→ **TASK TO CARRY OUT**
What you should give back is every line from the one containing "14k Polished Solid" through the last line of the records below, word for word and without pictures.

-- MATERIAL TO PROCESS follows --

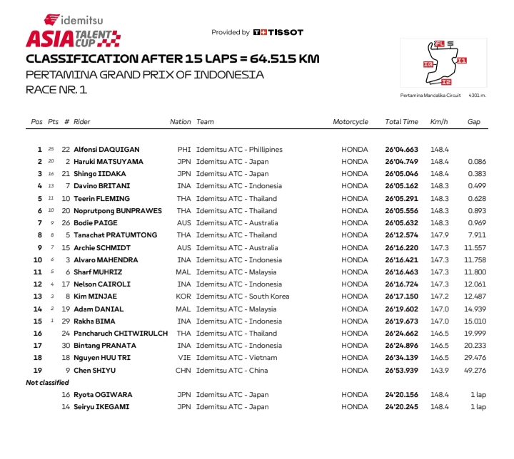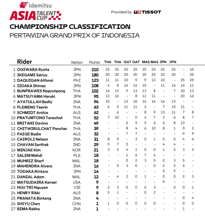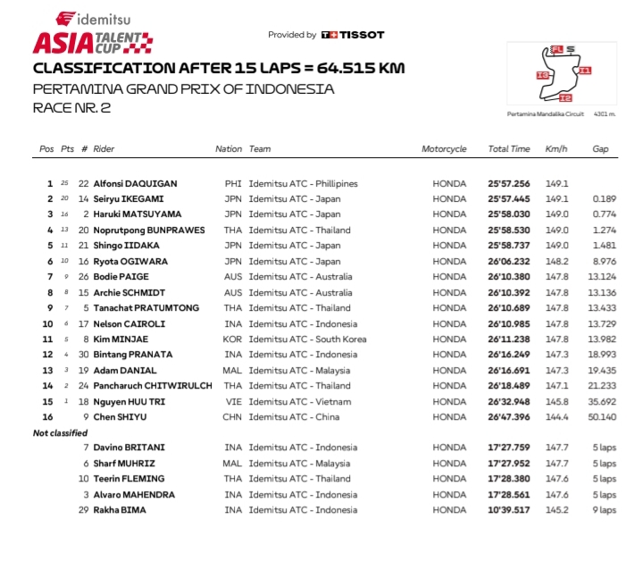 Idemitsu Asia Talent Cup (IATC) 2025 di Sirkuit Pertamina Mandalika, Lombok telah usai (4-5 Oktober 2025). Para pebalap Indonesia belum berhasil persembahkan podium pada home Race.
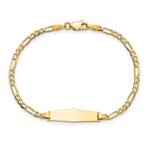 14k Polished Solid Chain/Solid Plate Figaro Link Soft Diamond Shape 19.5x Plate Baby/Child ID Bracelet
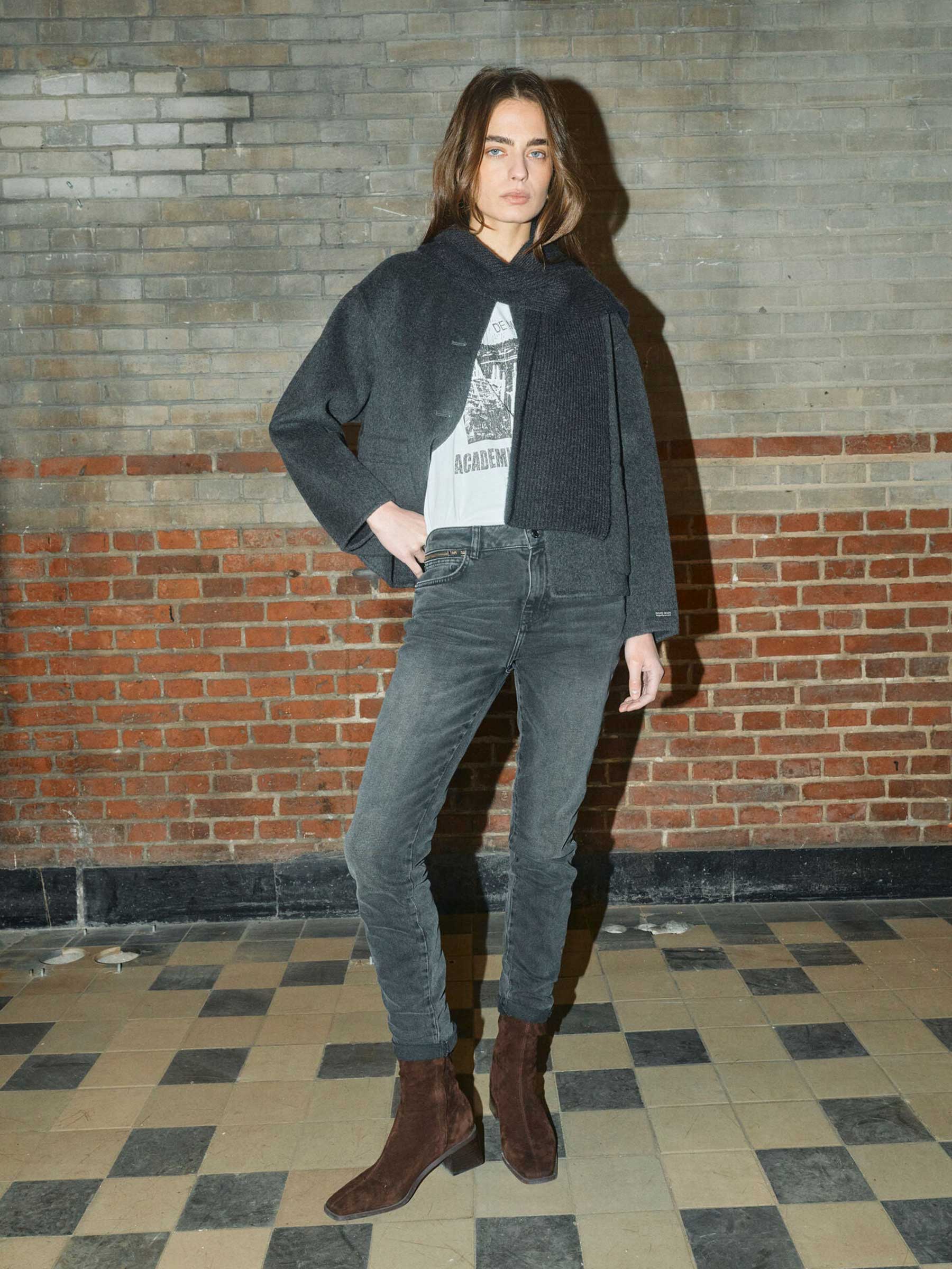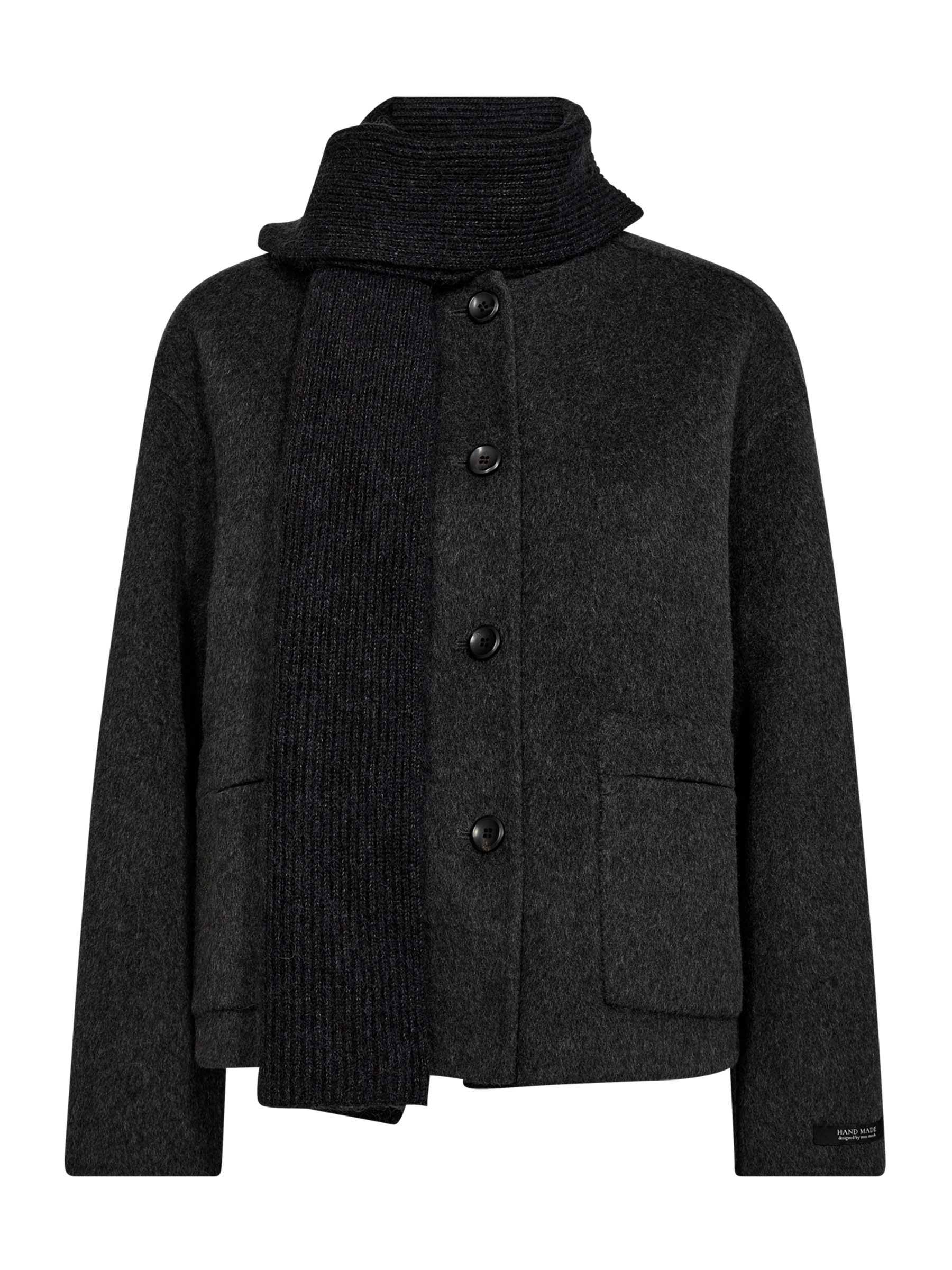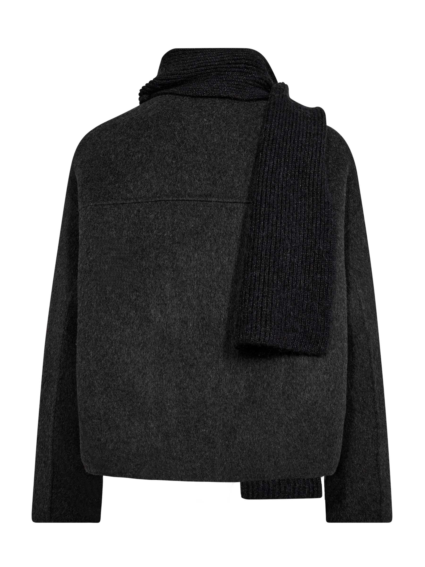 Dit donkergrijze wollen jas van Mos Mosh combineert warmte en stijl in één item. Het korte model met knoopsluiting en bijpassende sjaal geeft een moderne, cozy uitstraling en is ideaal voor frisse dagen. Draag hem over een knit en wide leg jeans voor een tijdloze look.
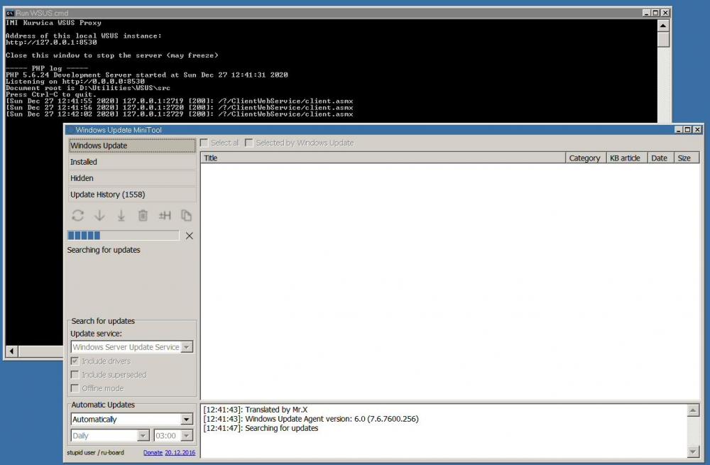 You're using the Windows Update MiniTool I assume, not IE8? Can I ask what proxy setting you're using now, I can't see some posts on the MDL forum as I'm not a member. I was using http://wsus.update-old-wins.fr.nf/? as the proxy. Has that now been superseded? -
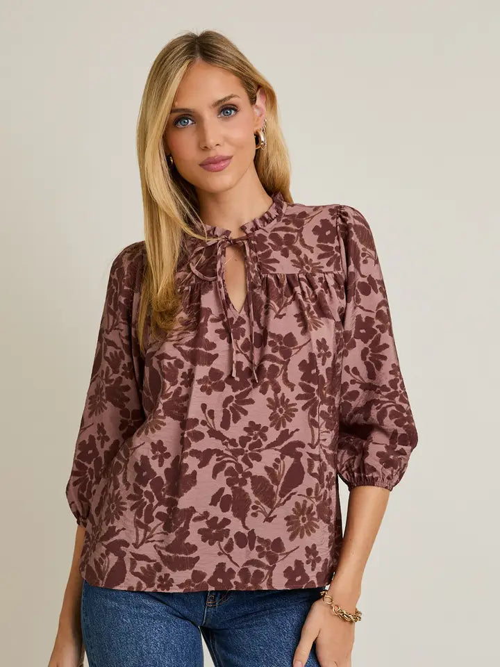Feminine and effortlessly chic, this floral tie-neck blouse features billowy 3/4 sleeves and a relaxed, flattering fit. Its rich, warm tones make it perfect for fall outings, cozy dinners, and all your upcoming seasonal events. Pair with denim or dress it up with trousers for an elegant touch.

-- MATERIAL TO PROCESS concluded --

→ **WRITTEN REPLY**
 14k Polished Solid Chain/Solid Plate Figaro Link Soft Diamond Shape 19.5x Plate Baby/Child ID Bracelet
 Dit donkergrijze wollen jas van Mos Mosh combineert warmte en stijl in één item. Het korte model met knoopsluiting en bijpassende sjaal geeft een moderne, cozy uitstraling en is ideaal voor frisse dagen. Draag hem over een knit en wide leg jeans voor een tijdloze look.
 You're using the Windows Update MiniTool I assume, not IE8? Can I ask what proxy setting you're using now, I can't see some posts on the MDL forum as I'm not a member. I was using http://wsus.update-old-wins.fr.nf/? as the proxy. Has that now been superseded? -
Feminine and effortlessly chic, this floral tie-neck blouse features billowy 3/4 sleeves and a relaxed, flattering fit. Its rich, warm tones make it perfect for fall outings, cozy dinners, and all your upcoming seasonal events. Pair with denim or dress it up with trousers for an elegant touch.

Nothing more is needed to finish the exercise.